Treatment with oseltamivir (Tamiflu) may prevent infection with Human Swine influenza ("Swine flu"), or shorten the duration and severity of illness in people that already have Human Swine influenza.

Note: Information adapted from CDC Interim Guidelines, Product Information and NSW Fact sheet

Introduction

Human Swine influenza ("Swine flu") is a respiratory disease of pigs caused by type A influenza (H1N1). Swine flu viruses do not normally infect humans, however, human infections with swine flu have occurred in the past, and cases of human-to-human spread of a swine flu virus have recently been confirmed.
The most useful antiviral medications for treating and preventing infection with influenza are neuraminidase inhibitors.  Queensland Health has access to Oseltamivir (trade name: Tamiflu) stocks for the control of any outbreak of this illness.

Antiviral Resistance

This virus is sensitive (susceptible) to the neuraminidase inhibitor antiviral medication oseltamivir but resistant to both amantadine and rimantadine.

Antiviral Treatment

Confirmed and suspected cases
Recommendations for use of antivirals may change as data on antiviral susceptibilities and additional advice on the optimal use of the medications becomes available.

Empiric antiviral treatment should be considered for confirmed, probable or suspected cases of H1N1 Influenza 09 (Human Swine Influenza) virus infection. Treatment of hospitalised patients and patients at higher risk for influenza complications should be prioritised. For the latest case definitions check http://www.healthemergency.gov.au/internet/healthemergency/publishing.nsf/Content/healthprof

Antiviral treatment with oseltamivir should be initiated as soon as possible after the onset of symptoms. Evidence for benefits from treatment in studies of seasonal influenza is strongest when treatment is started within 48 hours of illness onset. However, some studies of treatment of seasonal influenza have indicated benefit, including reductions in mortality or duration of hospitalisation even for patients whose treatment was started more than 48 hours after illness onset.

Recommended duration of treatment is five days. Antiviral doses recommended for treatment of Human Swine Influenza virus infection in adults or children 1 year of age or older are the same as those recommended for seasonal influenza. (see table)

Antiviral Chemoprophylaxis

Recommendations regarding the use of antiviral chemoprophylaxis will change regularly as information regarding the nature of the virus and its infectivity become clear. It is best to regularly check the web http://www.healthemergency.gov.au/internet/healthemergency/publishing.nsf/Content/healthprof for the latest advice as to whom should received this intervention.

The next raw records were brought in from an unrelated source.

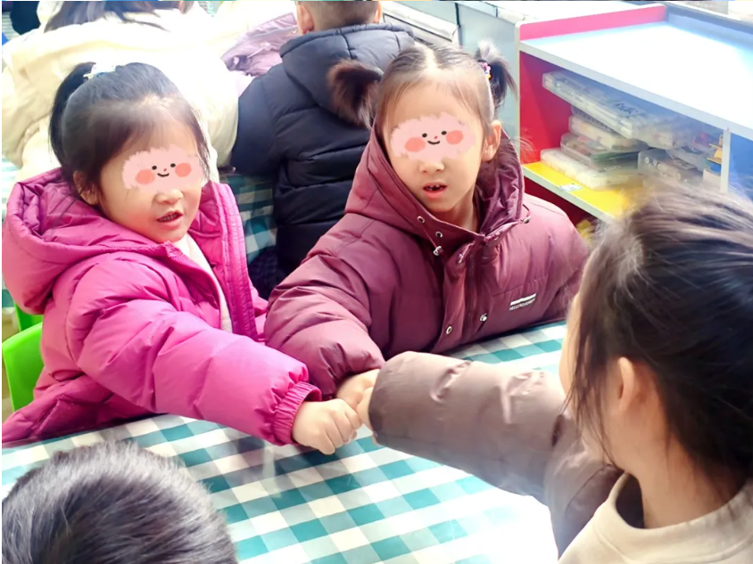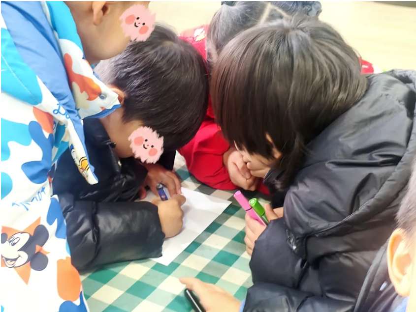 孩子们围成一圈,小声讨论,认真涂画,最后郑重地将纸条折起——那里面,有他们共有的“小宝藏”。讨论结束后雷老师对孩子们说:“现在,请守护好你们的宝藏,一会儿,我们要把它藏进‘宝藏基地’里。”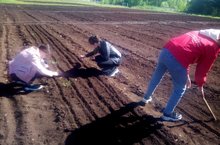 Мәктәп бакчасында эш гөрли башлады. Укытучылар җиләкләр күчерделәр, суган, кишер, чөгендер утырттылар.
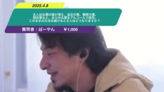 Uncategorized 【ひろゆき】主人はお酒の量が増え、血圧の薬、糖尿の薬、眠前薬など、あらゆる薬をアルコールで服用。このままの生活を続けると主人はどうなりますか?ー ひろゆき切り抜き 20250408
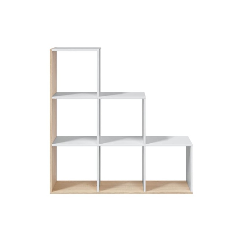 decorativa a forma di scaletta con 6 cubi 34 x 34 cm. Pannello truciolare melaminico spessore 15 mm. Bordi PVC spessore 0,6 mm . Tacchetti ABS antirumore e antigraffio per la parte inferiore del mobile. Dimensioni 108 x 28 x h 111 cm. Colore bianco artik e rovere canadian. Peso imballo 20 kg.
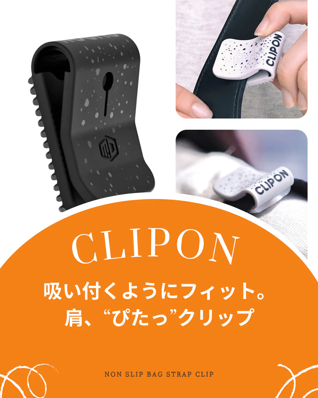 CLIPONは、そんなお悩みを解消するために生まれた商品です。簡単に取り付けでき、どんなバッグにも対応。滑り落ちを防ぐことで、週末のリラックスタイムをより快適にお過ごしいただけます。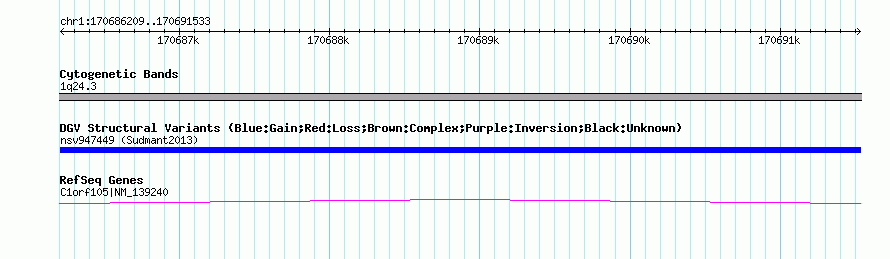Variant DetailsVariant: nsv947449| Internal ID | 18594297 | | Landmark | | | Location Information | | | Cytoband | 1q24.3 | | Allele length | | Assembly | Allele length | | hg38 | 5325 | | hg19 | 5325 | | hg18 | 5325 |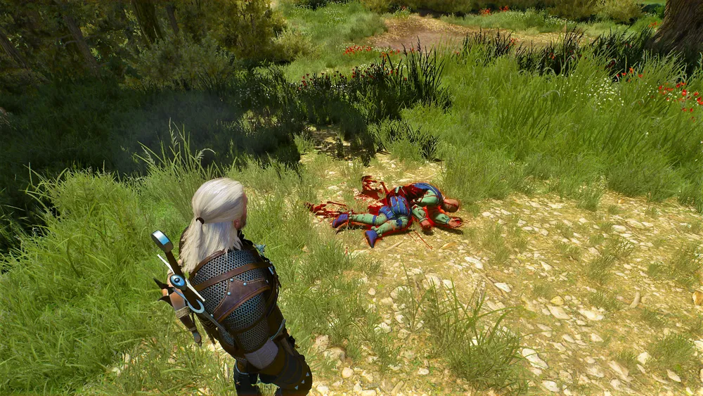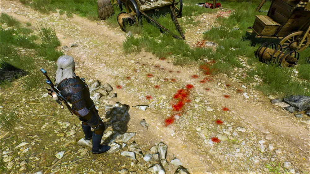 Геральту беглого взгляда хватит, чтобы понять, что раненый уже совсем не раненый, а вполне себе мёртвый человек. И бинты, которые так нужны были Гастону, несчастному уже не помогут. Самое время задать резонный вопрос: а что же всё-таки тут произошло? Гастон охотно расскажет. Он ехал на повозке, никого не трогал, как вдруг на дорогу выбрался истекающий кровью человек и упал тут же без сознания. Видя, в каком плачевном состоянии находится раненый, Гастон немедленно принялся оказывать помощь. Похвалит ли его ведьмак за благородство или проявит недоверие – не важно. Геральта заинтересует этот случай, ведь не каждый день находишь на дороге мертвеца в древнем нагруднике, со сломанной ногой и перерезанной бедренной артерией. Кровь из него лилась рекой, и ведёт кровавый след к поместью.
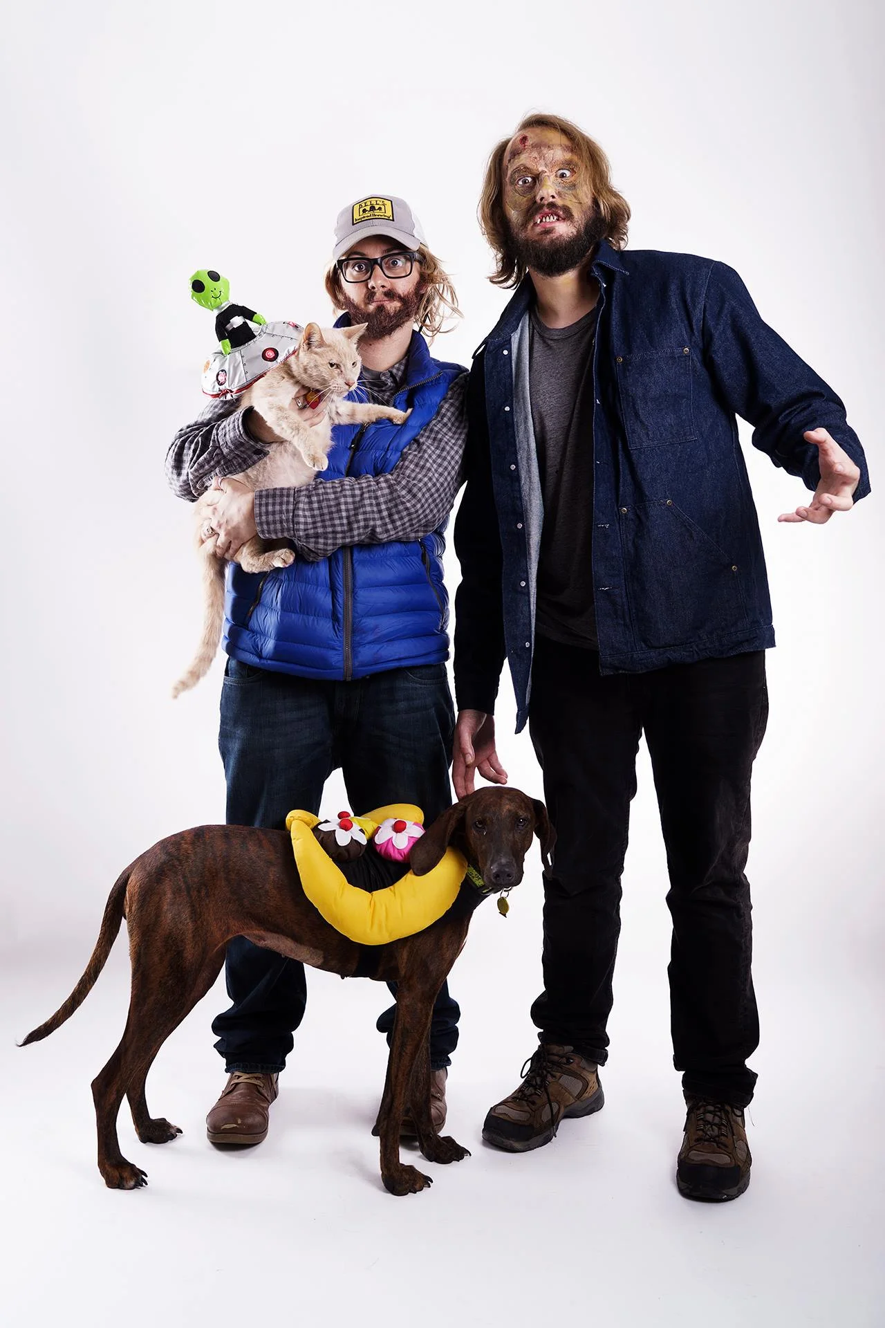 Steph & Chris have two sweet little girls who were pretty funny to work with. Their family reminded both of us of our families: We both only have one sibling of the same gender who is close in age just as Steph is with her sister Missy. (Having a constant buddy/ partner-in-crime as a kid is pretty fun!) The girls took a little bit to warm up to us in the quick Session (as with most kids who are staring down the barrels of large camera lenses being wielded by strangers), but by the end they were throwing leaves and giggling on their parents' shoulders!

Duration of antiviral chemoprophylaxis post-exposure is 10 days after the last known exposure to an affected area or ill confirmed case of swine influenza A (H1N1) virus infection.

Currently, there is no recommendation for the use of oseltamivir as pre-exposure prophylaxis for the swine influenza virus. Should recommendations be made for pre-exposure protection, chemoprophylaxis should be given during the potential exposure period and continued for 10 days after the last known exposure to an affected area or ill confirmed case of swine influenza A (H1N1) virus infection.


Adults & children 13 yrs and over
Treatment:  Oseltamivir  75 mg capsule twice per day for 5 days 
Chemoprophylaxis:  Oseltamivir 75 mg capsule once per day for 10 days after last known exposure

Children (12 months to 12 yrs)*   

Pregnant Women

Excess deaths among pregnant women were documented during the pandemics of 1918-19 and 1957-58. Pregnancy can increase the risk for serious medical complications of influenza. Oseltamivir is a "Pregnancy Category B1" medication, indicating that no clinical studies have been conducted to assess the safety of this medication for pregnant women. Because of the unknown effects of influenza antiviral drugs on pregnant women and their foetuses, oseltamivir should be used during pregnancy only if the potential benefit justifies the potential risk to the embryo or foetus. No adverse effects have been reported among women who received oseltamivir during pregnancy or among infants born to women who have received oseltamivir. Pregnancy should not be considered a contraindication to oseltamivir use.

Breast Feeding

There are no human studies investigating potential effects on breastfed babies when women are treated with antiviral drugs. It is recommended that antiviral drugs be used if the potential benefit of taking the drug exceeds the potential risks to the baby.

Impaired Renal Function

Oseltamivir cannot be used by people on dialysis.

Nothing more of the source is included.